* Extracted entries:
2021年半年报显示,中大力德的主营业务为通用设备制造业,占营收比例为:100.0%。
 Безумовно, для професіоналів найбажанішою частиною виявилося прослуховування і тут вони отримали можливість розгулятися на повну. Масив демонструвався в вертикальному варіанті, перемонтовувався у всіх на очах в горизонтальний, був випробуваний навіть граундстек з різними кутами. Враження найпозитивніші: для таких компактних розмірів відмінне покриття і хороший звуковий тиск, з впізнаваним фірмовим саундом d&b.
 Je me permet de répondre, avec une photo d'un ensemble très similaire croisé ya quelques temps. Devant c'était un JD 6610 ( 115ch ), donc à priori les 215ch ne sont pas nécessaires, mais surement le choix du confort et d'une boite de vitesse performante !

* * *

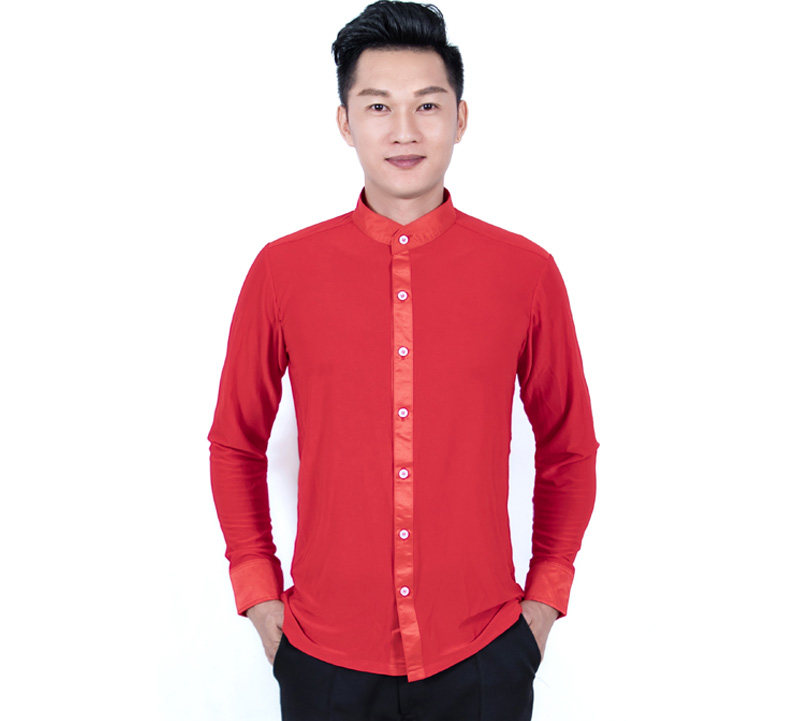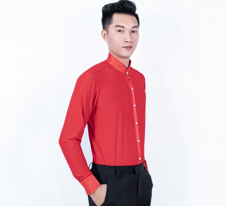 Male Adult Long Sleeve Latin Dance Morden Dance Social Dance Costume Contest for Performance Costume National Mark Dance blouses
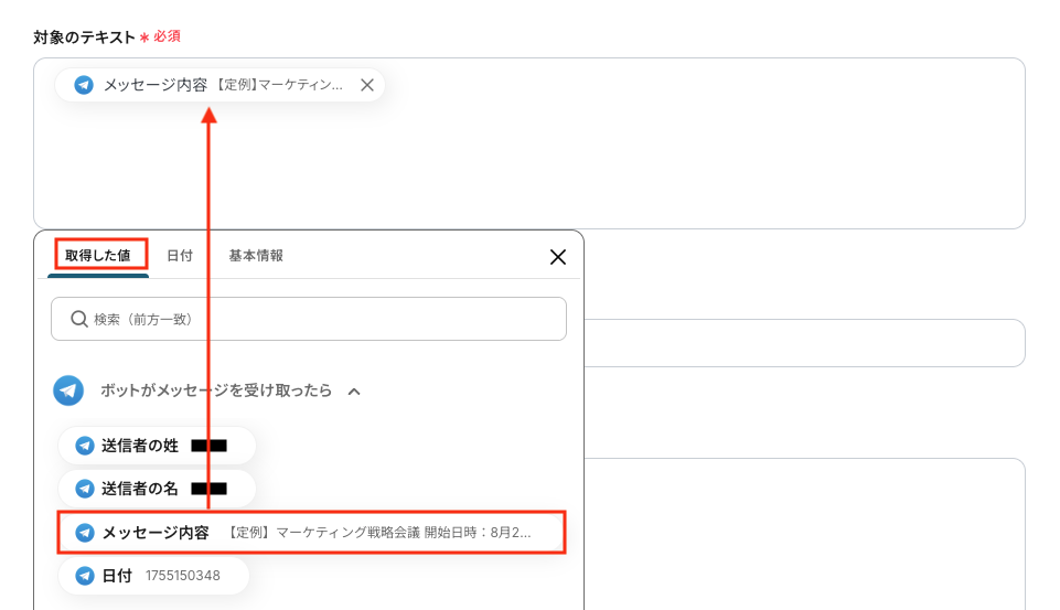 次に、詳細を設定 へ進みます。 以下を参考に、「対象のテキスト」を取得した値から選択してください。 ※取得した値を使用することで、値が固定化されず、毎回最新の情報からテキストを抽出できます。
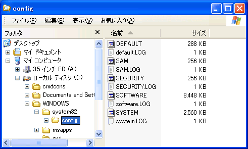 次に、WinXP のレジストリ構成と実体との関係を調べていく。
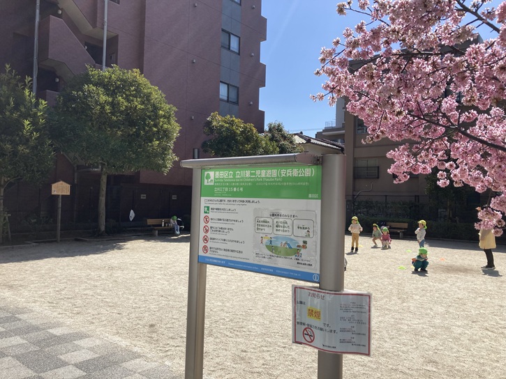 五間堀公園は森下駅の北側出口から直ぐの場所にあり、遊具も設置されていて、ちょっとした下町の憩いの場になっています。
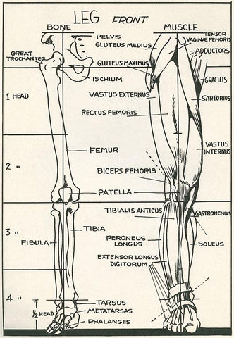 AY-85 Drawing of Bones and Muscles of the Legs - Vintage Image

* Work instruction: The required output is the stretch of entries above from the line containing "2021年半年报显示,中大力" through the line containing "Je me permet", reproduced exactly.

* Solution below:
2021年半年报显示,中大力德的主营业务为通用设备制造业,占营收比例为:100.0%。
 Безумовно, для професіоналів найбажанішою частиною виявилося прослуховування і тут вони отримали можливість розгулятися на повну. Масив демонструвався в вертикальному варіанті, перемонтовувався у всіх на очах в горизонтальний, був випробуваний навіть граундстек з різними кутами. Враження найпозитивніші: для таких компактних розмірів відмінне покриття і хороший звуковий тиск, з впізнаваним фірмовим саундом d&b.
 Je me permet de répondre, avec une photo d'un ensemble très similaire croisé ya quelques temps. Devant c'était un JD 6610 ( 115ch ), donc à priori les 215ch ne sont pas nécessaires, mais surement le choix du confort et d'une boite de vitesse performante !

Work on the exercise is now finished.